細川委員 私たちの提案しております労働契約法案と政府案を比べて、私たちの法案には規定をしているけれども、政府案にはそれがないというのもたくさんございます。

 労働契約法というからには、契約の締結から終了までいろいろなことがありますから、そういう締結から終了に至る全過程をすべて網羅して、そして、その時々に起こるいろいろな使用者と労働者の紛争を解決する、あるいはそういう紛争が起こらないようなルールを定めておくというのが、この労働契約法の制定の趣旨あるいは目的でもあるわけでございます。そうすると、余りにも政府案にはそういうところが欠けているところが多い。

 そこで、例を申し上げたいと思います。

 例えば、労働契約が成立をする。成立をする前にもいろいろな事情がございます。例えば、募集をする、あるいはその募集のときに募集した内容と実際の作業をされるときの内容が違うとか、募集、採用時に関する事項というのが、政府案にはないわけなんですね。こういうのもやはりしっかりと定めておかないと、社会ではいろいろな紛争が結構起こっているというふうに私どもは思っております。

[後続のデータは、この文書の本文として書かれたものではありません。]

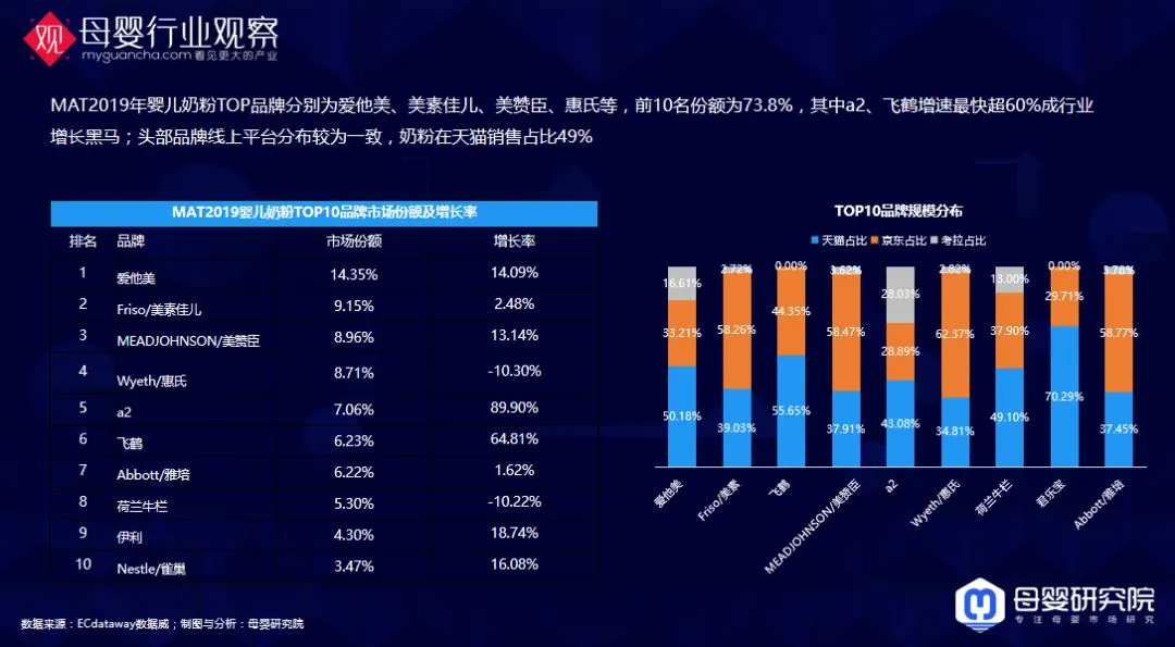 我们再看一下线上的排行,哪些品牌销量是比较不错的,2019年婴儿奶粉TOP品牌分别为爱他美、美素佳儿、美赞臣、惠氏等。a2和飞鹤增长率超过60%。右边是个品牌在不同平台的销售占比,京东、天猫平台上奶粉的销售占比差别不是很明显,说明这些品牌还是有很强的品牌力,这些平台不会对它们做过多的二选一的限制。

 それから、例えば大学を来年の三月に卒業する、そうすると、その前に募集をして、そして試験をして、合格をして、内定をするとか、そういうこともございますが、そういう内定のことについて、そこで契約が成立するのか、あるいはしないのかとかいうような問題などもございますし、あるいは、就職が決まって、いざ働き出しても、世間では一定期間、例えば三カ月、あるいは六カ月を試用期間として働かせてみるとかいうような試用期間などの問題もございます。

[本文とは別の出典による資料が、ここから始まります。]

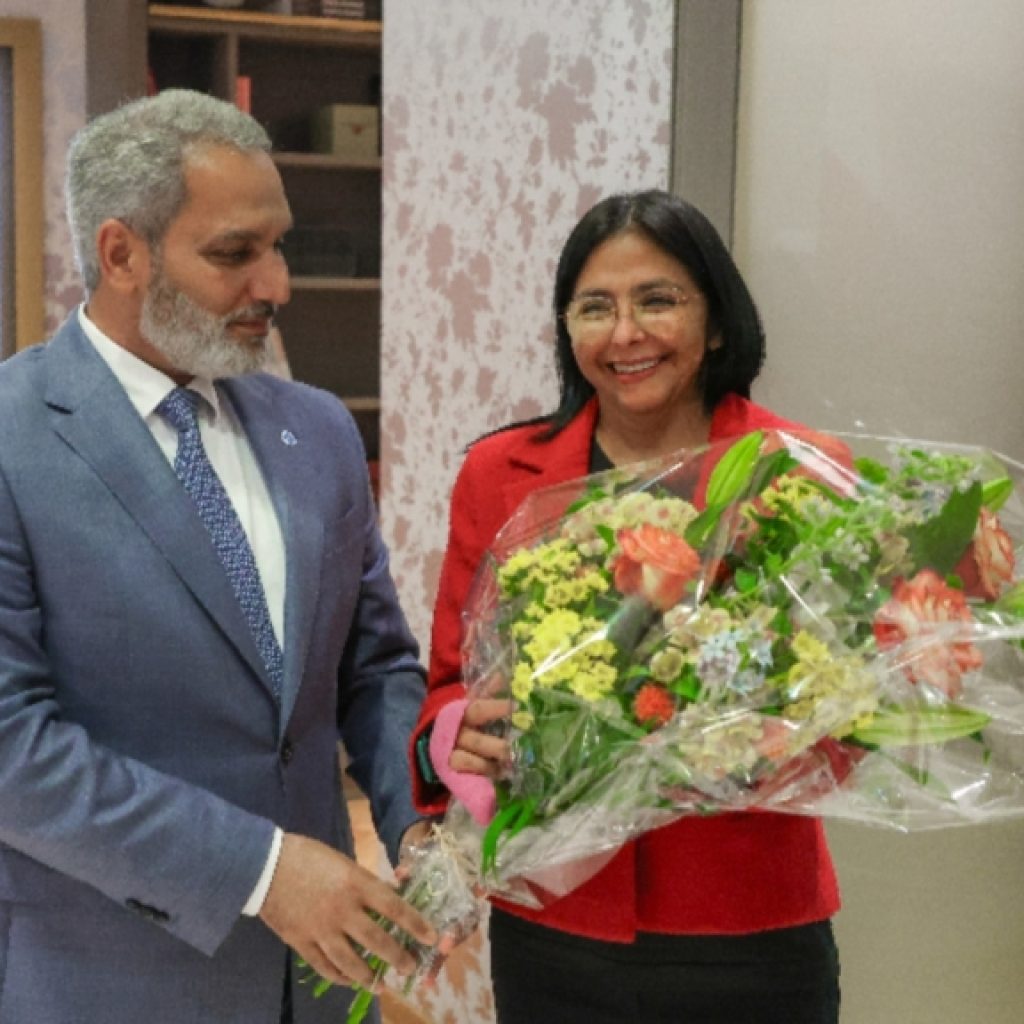 El secretario general de la Opep, Haitham Al Ghais, durante el recibimiento de la ministra de Hidrocarburos, Delcy Rodríguez, en Viena. Fotos Vicepresidencia de Venezuela

 それから、いざ労働契約が成立をして、その内容からいきますと、例えば労働者個人の情報をどういうふうに考えるのか、どういうふうな扱いにするのか。あるいは、会社に就職しながら別の仕事ができるのかどうかという兼業禁止義務。あるいは、今度は退職した後の、では今までの仕事で会社の秘密というかいろいろなこと、労働者が取得したそういう秘密について、これをどういうふうに守っていかなければいけないのか。退職後、以前に仕事をしていたのと同じようなことを起業して仕事をしていいのかどうかという競業避止義務。こういうこともやはり大事だと思うんですね、労働契約にきちっと定めなきゃいかぬじゃないかと。

 あるいは、会社に勤めて、海外に派遣されて研修をした場合、研修を終わってすぐにやめるとかいった場合に、その研修費用はどうするのかとか、これだっていろいろ問題になるわけですね。こういうようなことも政府案には一切ないわけでございます。そういう意味では、私どもの法案には、こういうこともしっかり規定をしている、こういうことでございます。

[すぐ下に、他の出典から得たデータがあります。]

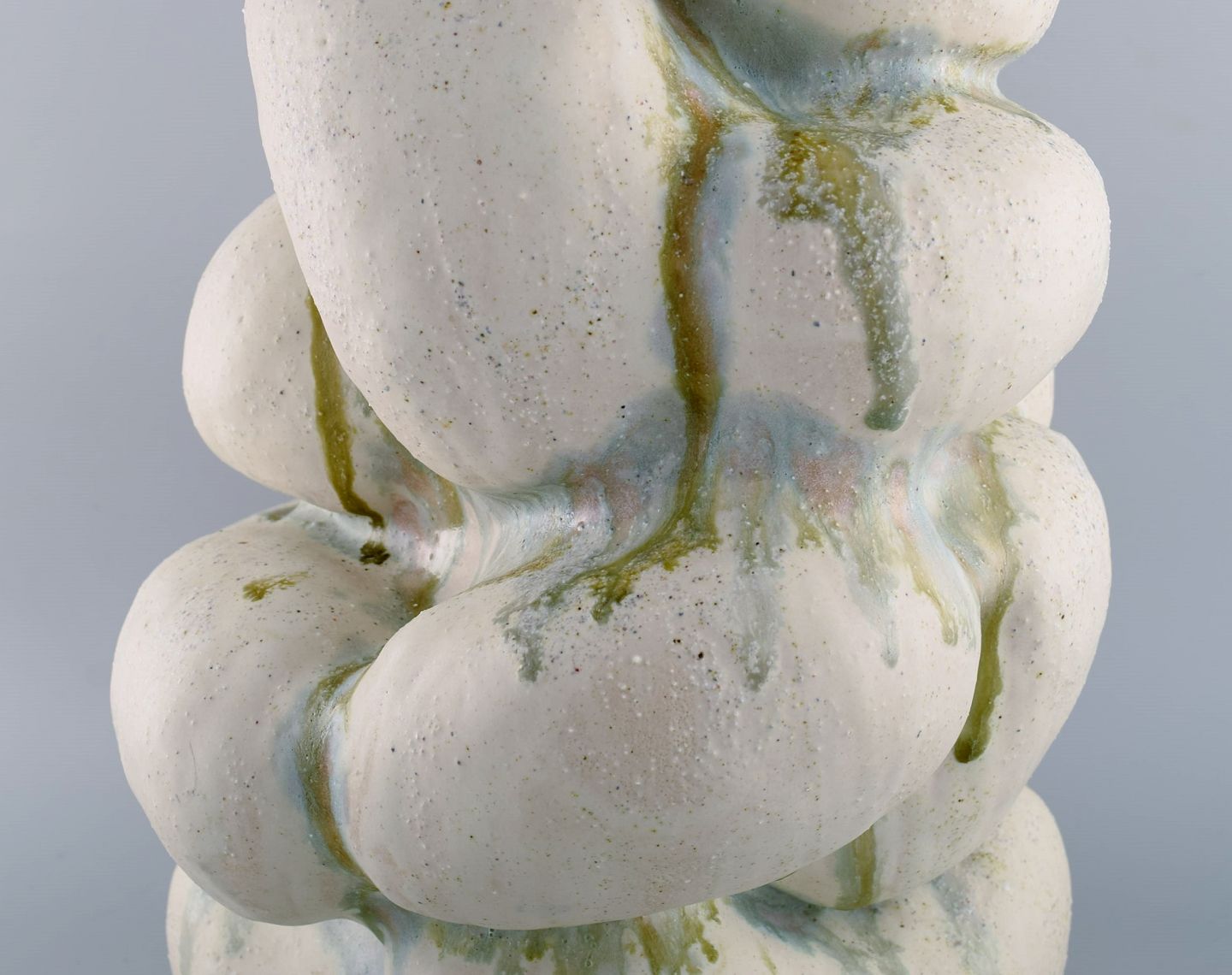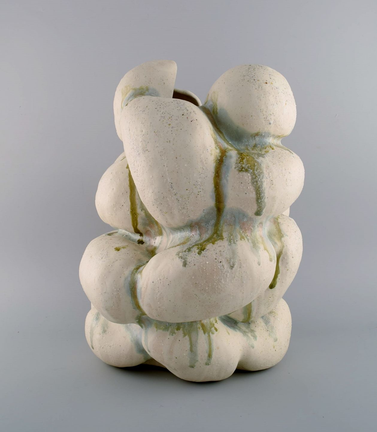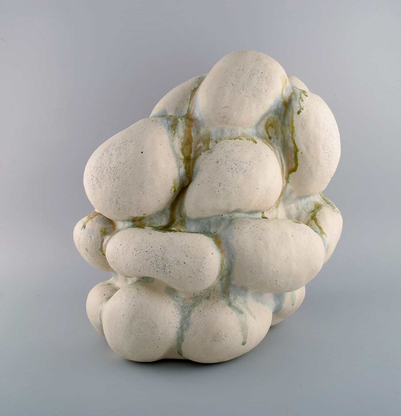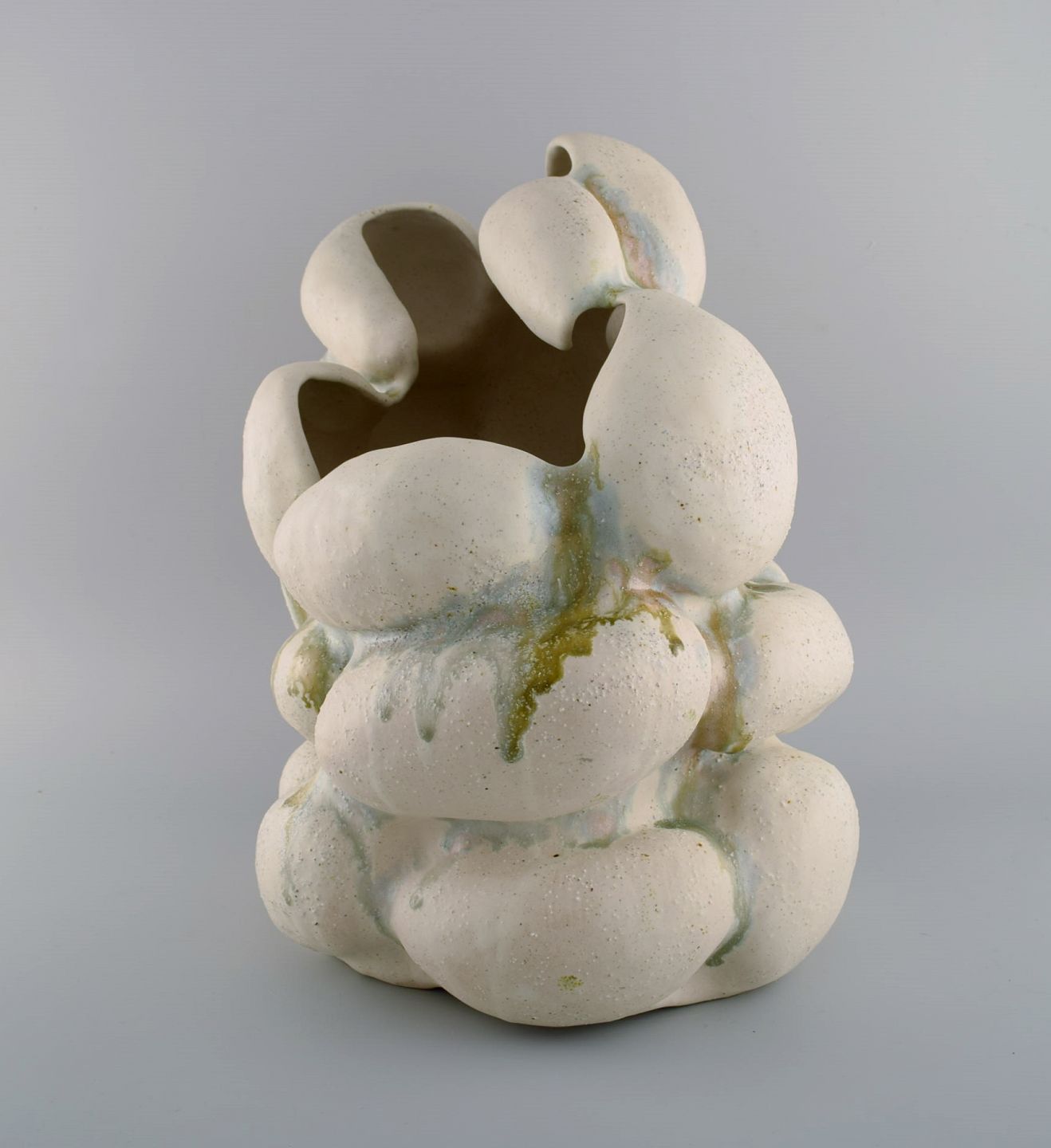 Christina Muff, dansk samtidskeramiker (f. 1971). Monumental skulpturel vase af stenstøjsler. Denne skulptur er glaseret med cremehvid glasur tilføjet mineraler fra Danmark.

 また、労働契約の変更でいいますと、さきに触れました転勤、それから転籍、これらについても今世間ではいっぱいありますけれども、それらについてどういうふうにルールを定めておくのか。あるいは、働いていて会社に損害を与えたような場合、こんなときはどうするのかとか、あるいは懲戒はどうなるのかとか。こういうことも規定をしっかりしておかないと、せっかく労働契約法を制定しても、そういうところが抜け落ちておりますと、紛争を解決する規範なりルールにはならないのではないかというふうに思っております。

 しかし、今指摘をさせていただいたようなことが、前回も指摘をしました厚労省の中に置かれましたあり方研究会の報告書でも指摘をされておりまして、私たちはそういうあり方研究会での報告を大いに参考にさせていただいたという経過もございます。そういうことで、政府案は非常に規定をされている内容が少ない、このことについて、私は大変不満なところでもございます。

 政府の方は、小さく産んで大きく育てる、だから、いいんじゃないかというふうに言っておりますけれども、私たちは、今回、政府案が土台となって、それに対してある程度の修正がかなったとしても、やはりそれにはなかなか満足はできないというふうに思っております。より労働契約法の名にふさわしい法律になるということを私は望んでいるところでございます。

 それでは、最後にお聞きをいたしますけれども、今後、先ほど指摘をいたしましたように、労働契約の成立から変更、そして終結に至るまで、あらゆるところの事項につきまして検討を深めまして、労働分野における民法の特別法として胸を張れるようなしっかりした法律にしていくべきだというふうに私は考えております。この点について、労働大臣に最後にお聞きをいたしまして、私の質問を終わりたいと思います。

舛添国務大臣 ルールメーキング、ルールづくり、どこまでやるのかなということで、こういう点もあった方がいい、例えば、海外に行かれるときはこうだとか、いろいろな細かいこともおっしゃいました。そこまで決めるのがいいか。ただ、今回は、やはり紛争の処理ということを基本に置いていますし、そういう意味では、一つの大きな第一歩であるというふうに私は考えております。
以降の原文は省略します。